German federal agency

The Federal Office for Economic Affairs and Export Control (Bundesamt für Wirtschaft und Ausfuhrkontrolle, short BAFA) is a German federal agency. The BAFA is authorised to make the final decision on whether German goods are permitted for export.

==History==
The predecessor Bundesamt für Wirtschaft (BAW) (Federal Office of Economics) was founded in 1954. Its original name was Bundesamt für gewerbliche Wirtschaft (Federal Office for Industrial Economics). In 1975 it moved to Eschborn, where in 1975 the Bundesausfuhramt (Federal Office of Export) came into being. Eventually both offices got combined.

BAFA's parent agency is the Federal Ministry of Economics and Technology.

== Responsibilities ==

All items listed by the Australia Group, Missile Technology Control Regime, Nuclear Suppliers Group, and Wassenaar Arrangement are subject to export control in Germany. Germany implements the European Dual Use Export Control Annex. All these control documents are the responsibility of BAFA.

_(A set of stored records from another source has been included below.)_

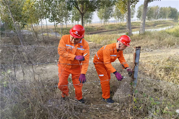 施工過程中,養(yǎng)護股施工人員按規(guī)定穿戴好安全防護用品,施工人員以專業(yè)態(tài)度嚴守操作規(guī)范,逐一對損壞隔離柵進行修復(fù)、更換,讓“殘缺柵欄”煥發(fā)“安全新生”。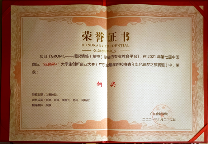 两次优秀员工骨干、“互联网+”红色之旅赛道校级铜奖等多项奖项。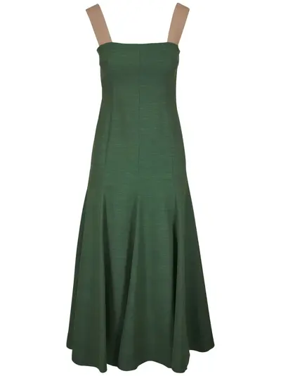 moss green concealed rear fastening wide shoulder straps A-line flared skirt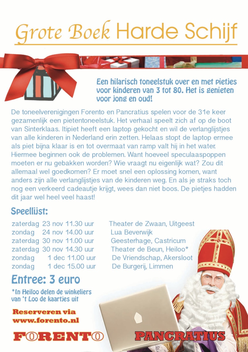 Dit weekend wordt er op een aantal plaatsen door oa toneel vereniging Pancratius een Pietenvoorstelling gehouden.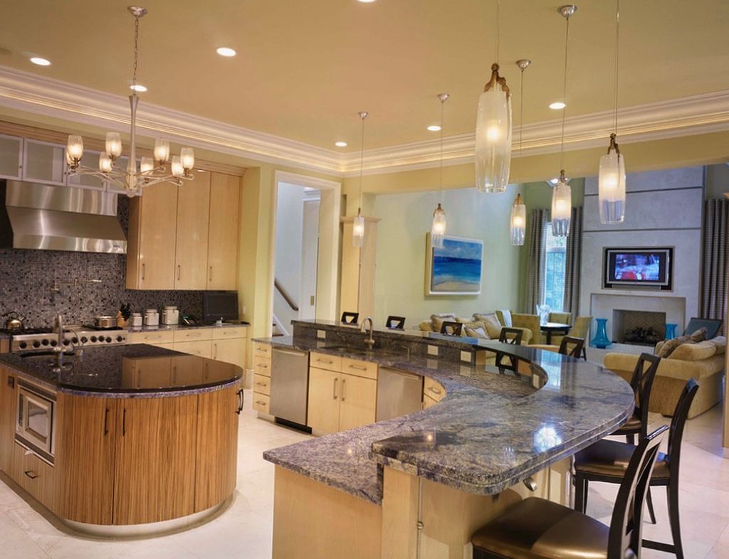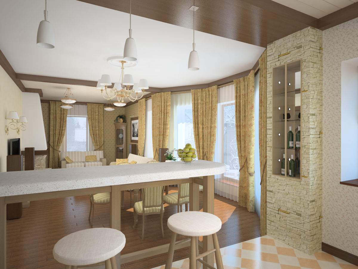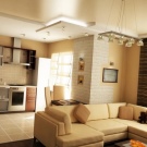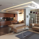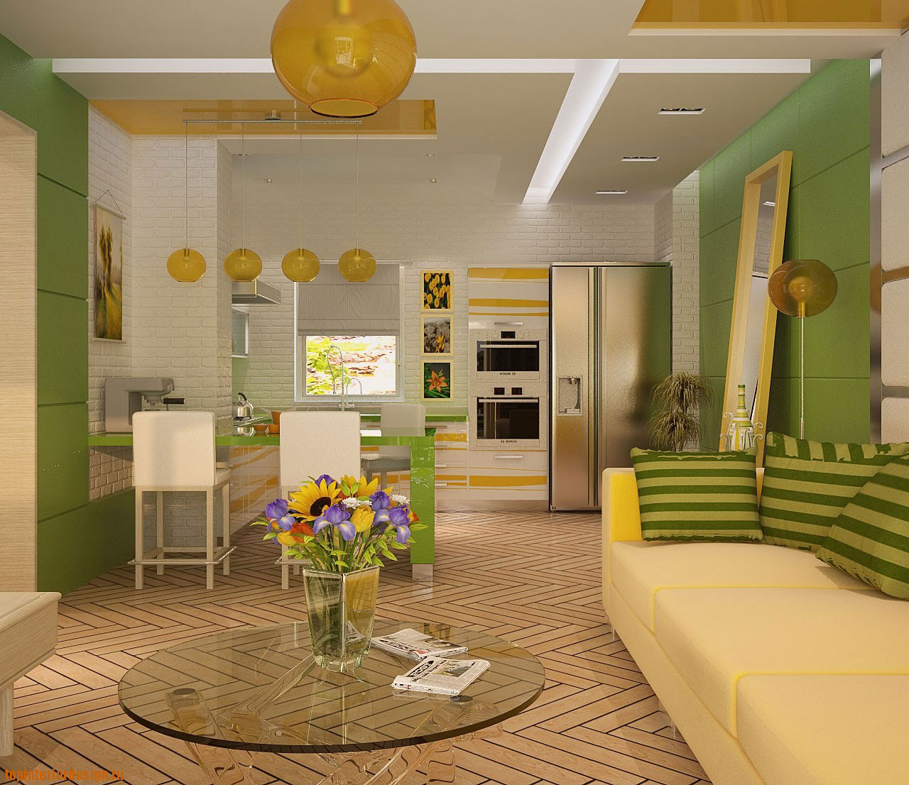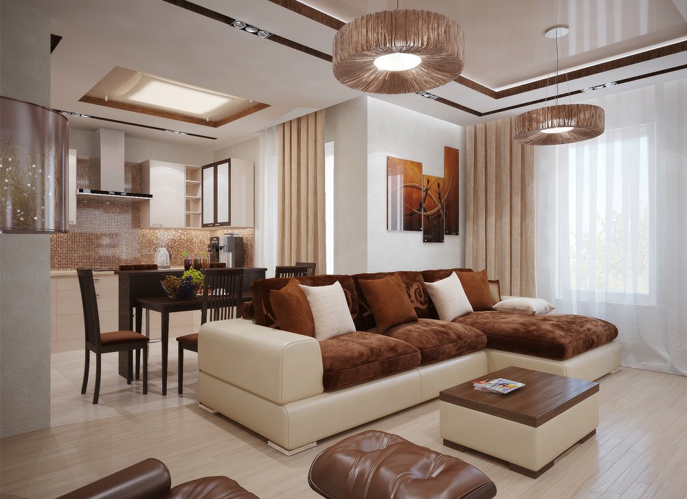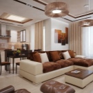 Ein weiteres Merkmal, das viele den Vorteil dieses Layouts betrachten: Die Küche und Wohnzimmer sind in der gleichen Wohngegend kombiniert. Dies ist praktisch auf Partys, wenn alles, was Sie brauchen, "zur Hand" ist, aber nicht immer angenehm wegen der Küchengerüche, die das Kochen zu Hause begleiten. Um dieses Problem zu beheben, müssen Sie ein gutes Belüftungssystem installieren. Um den Küchenraum optisch zu trennen, kann man den Boden an dieser Stelle aufrichten, so dass die Küche wie auf dem Podium erscheint.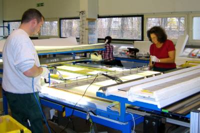 Während einer Führung erklärte Therese Raatz, im Unternehmen für die Öffentlichkeitsarbeit verantwortlich, sehr kompetent den gesamten Produktionsablauf von der Gewinnung der Quarzsande bis zum Leistungstest der fertigen Module. Dabei erzielt ein Standardmodul eine Leistung von ca. 200 Watt p (dies ist die Leistungseinheit von Solarmodulen) bei einer Effektivität von ca.15 Prozent.
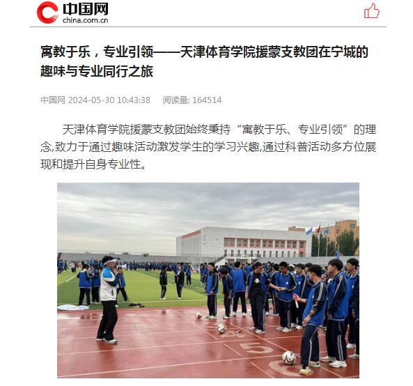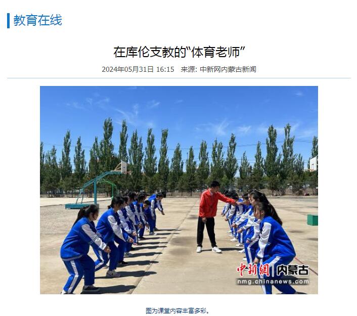 2024年5月,我校40名优秀学生和2名带队教师组成支教志愿服务团,赴赤峰市宁城县、通辽市库伦旗开展为期60天的体育支教工作。连日来,包括中国网、中国新闻网在内的多家媒体,对我校支教志愿服务团在内蒙古开展支教工作情况进行了报道。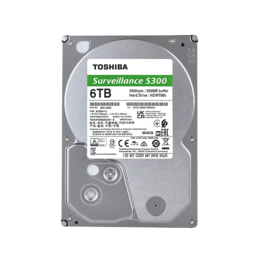 Disco Duro TOSHIBA Surveillance S300 / 6TB / 3.5” / SATA 6 Gbit/s / 5400 RPM / 256 MB Caché

=== Oversight for Arms Trade Treaty ===
The BAFA is tasked with oversight of the Arms Trade Treaty in Germany, and the domestic Kriegswaffenkontrollgesetz (War weapons control act). The BAFA has been entrusted by the Council of the EU with the technical implementation of the EU ATT Outreach Project.

The BAFA receives arms and dual-use export license applications and also uses a consolidated list to determine how the item should be controlled. Germany's consolidated Export List includes a section for arms and one for dual-use items. Some items in the arms section, contained in a specific list known as "war weapons," are subject to additional prohibitions and licensing requirements under the War Weapons Control Act, and are reviewed and approved by another part of the Federal Ministry of Economics and Technology. When applying for an export license to BAFA, applicants have to submit a copy of the war weapons license granted by the Federal Ministry of Economics and Technology if the export is subject to the War Weapons Control Act.

=== Foreign trade ===
The office oversees German exports in general and the export of weaponry and dual-use technology in particular. The BAFA keeps detailed lists of goods which have to be scrutinized before a consent is possible. Hereby it considers embargos and international regulations such as the Chemical Weapons Convention and the Nuclear Suppliers Group.

On behest of the European Union the BAFA also enforces the Union's regulations concerning the import of specific goods including textile and steel.

Moreover, the office supports countries outside the European Union in case they are about to establish their own export control systems.

=== Promotion of economic development ===
The BAFA strives to improve the competitiveness of small and medium enterprises. It promotes management consulting, helps companies to present their products at international trade fairs etc.

=== Energy and environmental protection ===

The main goal is to promote efficient energy use as well as establishing a sustainable energy supply. The office's programmes for that matter pursue for example a growing use of cogeneration. This includes incentives for evolvements in the field of renewable energy on the grounds of solar thermal energy, biomass and heat pumps. The BAFA also offers professional certification for appropriate constructions and consultants for energy conservation.